但它只有 returns object(SimpleXMLElement)[598]。我无法访问这些项目。我试过使用 $xml->children() 以及 $xml->{'rss:item'} 和许多其他选项,但我只得到 SimpleXML返回元素对象,无法访问信息;从来没有包含所有项目的数组。

如果你想输出<rss:item>数据,那么最简单的方法就是获取根元素的children(),但是从命名空间前缀为rss(调用$xml->children("rss", true)).这将允许您使用 object 符号访问所有数据(对于 SimpleXML 来说是正常的)。

$url = "https://onlinelibrary.wiley.com/action/showFeed?jc=18630669&type=etoc&feed=rss";
$xml = file_get_contents($url);
$xml = new SimpleXMLElement($xml);

foreach ( $xml->children("rss", true)->item as $item ) {
    echo (string)$item->title.PHP_EOL;
}

输出每个项目的标题元素(echo (string)$item->title.PHP_EOL 行)(缩写)...

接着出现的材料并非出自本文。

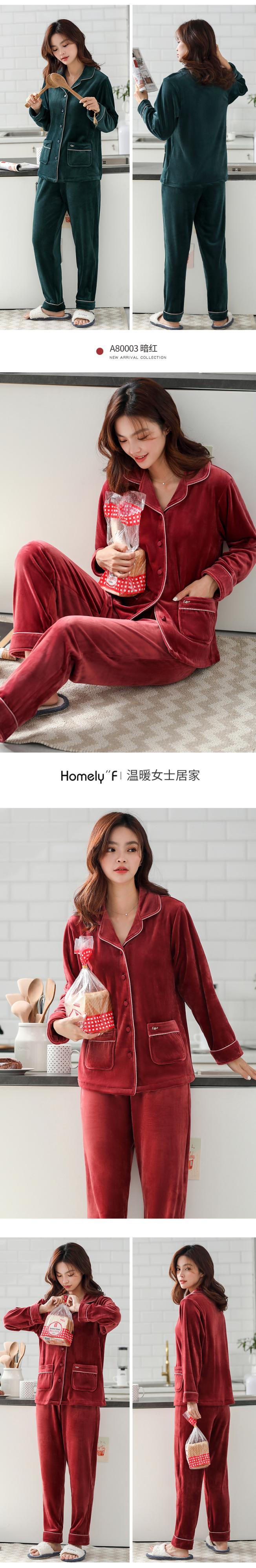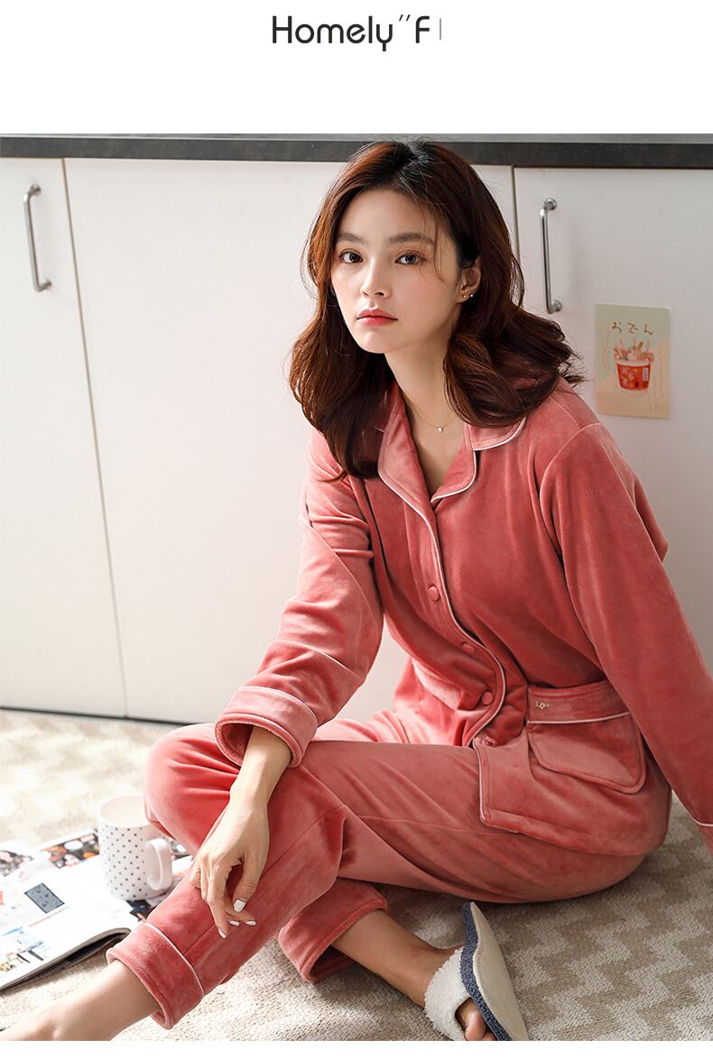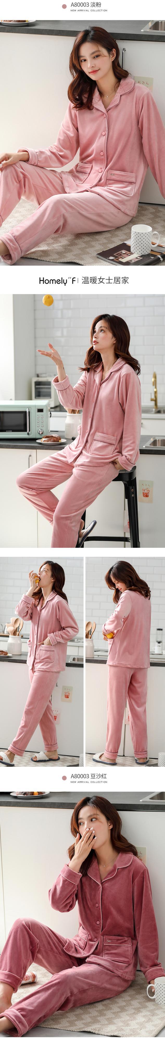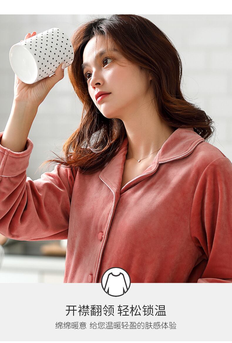 アイランドベルベットパジャマ女性の春と秋の肥厚とベルベットコーラルフリースフランネル家庭服秋と冬の薄いスーツ jial44949604658
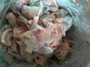 将鱼肉切块,用盐、花椒面、料酒和姜腌制一小时。

The Limiting Factor to the Outbreak of Lake Black Bloom: Roles of Ferrous Iron and Sulfide Ions
A Pilot‐Scale Diatomite Membrane Bioreactor for Slightly Polluted Surface Water Treatment
Agronomic Valorization of Olive Mill Wastewaters: Effects on Medicago sativa Growth and Soil Characteristics

需要注意的一件事是您说您只能返回 object(SimpleXMLElement)[598] - 但 SimpleXMLElement 可能包含元素列表,更多的是您如何使用该内容的情况。此外,使用 print_r() 或许多其他查看内容的常规方式并不能为您提供完整数据。对于 SimpleXML - 使用 echo $xml->asXML(); 查看它包含的内容。